-- DATASET RECORDS --
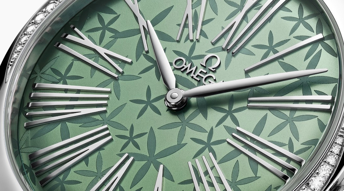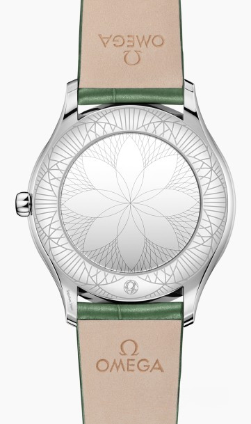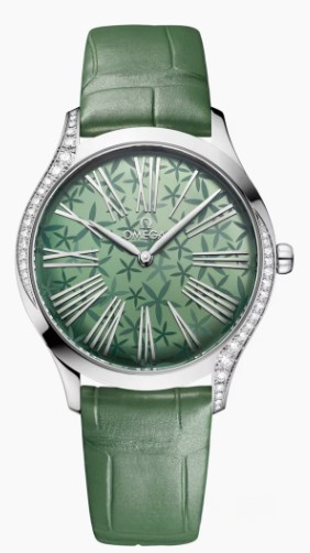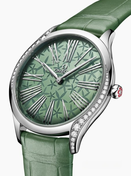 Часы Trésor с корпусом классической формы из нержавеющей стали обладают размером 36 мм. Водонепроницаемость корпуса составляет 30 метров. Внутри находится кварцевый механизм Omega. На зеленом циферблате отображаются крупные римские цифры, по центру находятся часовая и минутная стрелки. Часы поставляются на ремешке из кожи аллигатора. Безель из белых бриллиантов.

---

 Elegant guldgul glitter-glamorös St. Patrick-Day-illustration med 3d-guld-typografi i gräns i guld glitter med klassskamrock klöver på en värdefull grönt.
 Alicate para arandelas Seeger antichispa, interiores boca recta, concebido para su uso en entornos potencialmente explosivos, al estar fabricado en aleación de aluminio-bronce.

---

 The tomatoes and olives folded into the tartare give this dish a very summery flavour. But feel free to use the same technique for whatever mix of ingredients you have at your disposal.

-- PROBLEM REQUIREMENTS --
In the records above, find the line with "Elegant guldgul glitter-glamorös"; write out exactly that line and each one after it, stopping after the line with "Alicate para arandelas".

-- RESULT --
 Elegant guldgul glitter-glamorös St. Patrick-Day-illustration med 3d-guld-typografi i gräns i guld glitter med klassskamrock klöver på en värdefull grönt.
 Alicate para arandelas Seeger antichispa, interiores boca recta, concebido para su uso en entornos potencialmente explosivos, al estar fabricado en aleación de aluminio-bronce.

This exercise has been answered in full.